Posted 16 January 2018
By Zachary Brennan
The US Food and Drug Administration (FDA) late last month sent a warning letter to San Diego-based Imprimis Pharmaceuticals for false and misleading claims made on the company’s website and Twitter account, among other violations.
FDA said that for two products – "Simple Drops" and "Klarity C-Drops" – the company claims they are made with FDA approved components or are FDA-approved, "when that is not the case."
In addition, FDA said Imprimis' website makes false or misleading claims about its "Dropless," "LessDrops" and "Simple Drops" products by "omitting important risk information, including side effects, contraindications, or consequences that may result from their use, and by presenting efficacy claims about your ‘Simple Drops’ products while omitting material information."

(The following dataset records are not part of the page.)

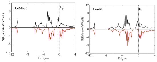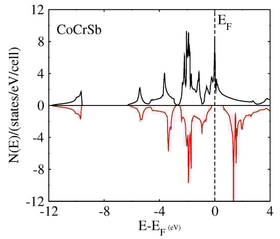 Using density functional theory, some Co-based HH compounds have been predicted to be semiconductor, metallic, and half-metallic materials. The half-metallic material is material that behave like a semiconductor in the minority spin, while in the majority spin, it has the metallic character, as first reported by de Groot et al. [] in 1983 for the NiMnSb alloy, which also depends on the valence electron counts (VEC) of the alloys [,,,,,,,]. Nanda and Dasgupta [] reported CoMoSb to be metallic from the series of HH compounds XMZ (X = Fe, Co, Ni: M = Ti, V, Nb, Zr, Cr, Mo, Mn and Z = Sb, Sn) they investigated. Zhong-Yu et al. [] studied the structural and electronic properties of CoCrZ (Z = Sb and Te) using the full-potential linearized augmented plane wave (FP-LAPW) method. They showed that CoCrSb is half-metallic and has a spin-minority gap.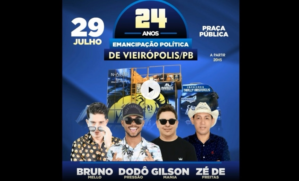 4 ATRAÇÕES: Vieirópolis promove grande festa pública e promete movimentar o Sertão nesse final de semana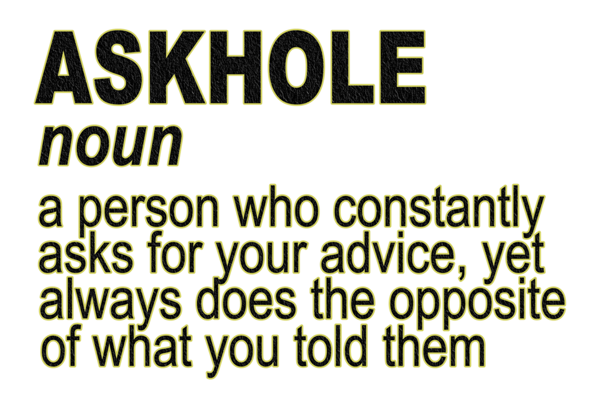 Highlights • Ships from Washington! Shorter shipping distances are kinder to the planet • Free shipping Materials: eco solvent ink, premium outdoor grade vinyl This is for one (1) 4 x 2.74 inch die cut vinyl waterproof sticker. Sticker decal: A black & white picture of a sign that reads "Askehole" with a definition underneath stating "A person who consistently asks for your advice, yet never does what you told them". The artwork is simple and uses shades of gray to convey its message. Sticker decal is indoor and outdoor (UV) safe. These high quality decal stickers are thick and durable and can be used many ways and on many items such as car windows, walls, lockers, tumblers, wine glasses, notebooks, planners, mirrors, cellphone cases, and more. Makes a great gift! Funny waterproof sticker - weatherproof bumper sticker - vinyl decal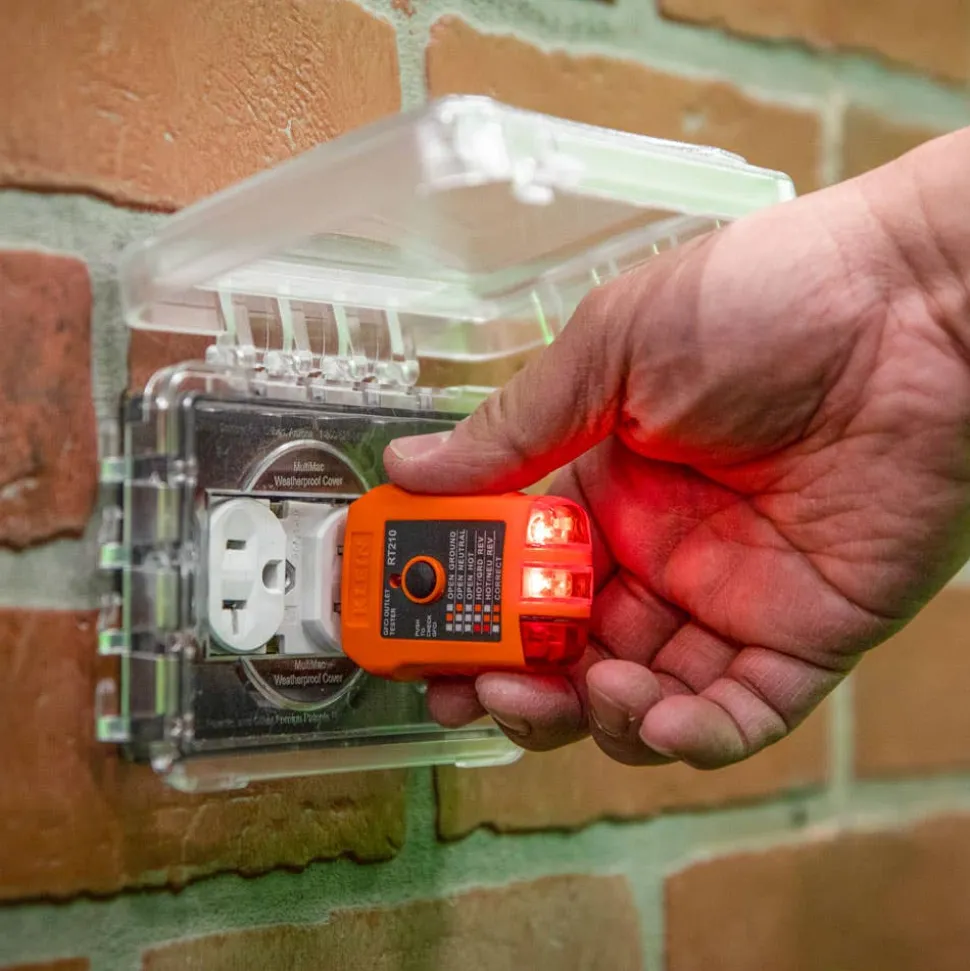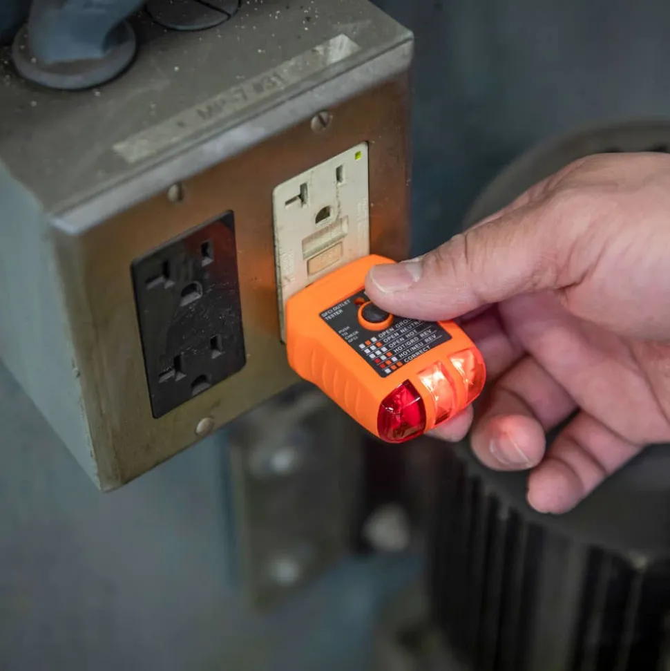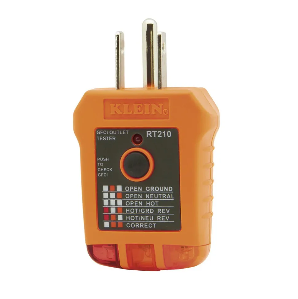 Klein Tools Receptacle Testers are designed to detect the most common wiring problems in standard and GFCI receptacles. A convenient chart on the tester helps determine wiring condition in outlet, based on lights results. Conditions indicated: open ground, reverse polarity, open hot, open neutral, hot/ground reversed.

FDA said in the letter released Tuesday: "These violations are concerning from a public health perspective because they create a false or misleading impression about the safety and effectiveness of these products. This is especially concerning in light of the many known risks associated with several of the active ingredients in these products, as reflected in the prescribing information for FDA-approved products containing the same active ingredients."
Imprimis Founder and CEO Mark Baum, whose Twitter account appears to no longer exist, is also called out in the letter for tweeting a suggestion that the company’s compounded cyclosporine product – "Klarity-C drops" -- is FDA approved, but the product is not approved.
The company did not respond to a request for comment.